Your goal
Using the records below, find every line that includes "white" and copy it.

Data to use
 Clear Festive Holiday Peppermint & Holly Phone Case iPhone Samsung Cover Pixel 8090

==

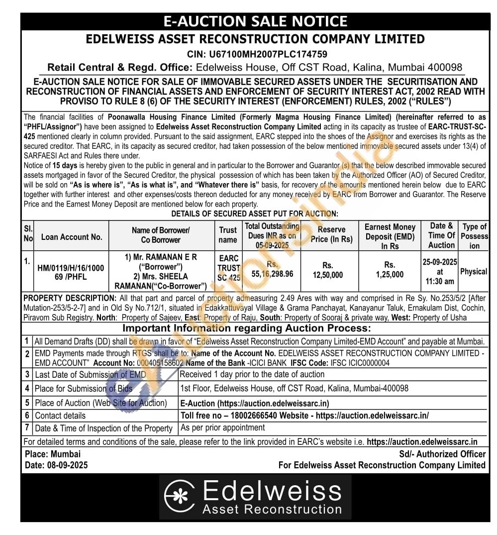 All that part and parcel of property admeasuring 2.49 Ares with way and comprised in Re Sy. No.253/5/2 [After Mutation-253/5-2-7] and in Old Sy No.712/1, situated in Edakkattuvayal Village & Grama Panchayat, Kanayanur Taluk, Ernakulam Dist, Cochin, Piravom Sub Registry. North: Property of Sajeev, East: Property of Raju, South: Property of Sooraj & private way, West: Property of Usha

---

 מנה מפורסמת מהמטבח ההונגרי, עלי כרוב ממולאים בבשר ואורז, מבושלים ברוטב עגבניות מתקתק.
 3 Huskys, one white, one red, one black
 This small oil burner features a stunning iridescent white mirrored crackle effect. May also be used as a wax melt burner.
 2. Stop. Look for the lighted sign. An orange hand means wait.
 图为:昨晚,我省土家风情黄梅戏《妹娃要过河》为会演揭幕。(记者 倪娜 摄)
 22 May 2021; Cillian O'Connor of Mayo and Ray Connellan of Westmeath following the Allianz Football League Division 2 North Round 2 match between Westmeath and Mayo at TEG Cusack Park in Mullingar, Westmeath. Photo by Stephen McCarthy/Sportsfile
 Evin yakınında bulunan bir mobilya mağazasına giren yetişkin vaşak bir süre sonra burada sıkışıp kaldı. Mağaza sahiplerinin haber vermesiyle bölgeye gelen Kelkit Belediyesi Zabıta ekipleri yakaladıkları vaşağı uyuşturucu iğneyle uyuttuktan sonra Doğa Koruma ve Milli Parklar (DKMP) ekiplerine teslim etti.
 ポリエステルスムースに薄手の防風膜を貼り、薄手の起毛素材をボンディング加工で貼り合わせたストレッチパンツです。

Result of this exercise
 3 Huskys, one white, one red, one black
 This small oil burner features a stunning iridescent white mirrored crackle effect. May also be used as a wax melt burner.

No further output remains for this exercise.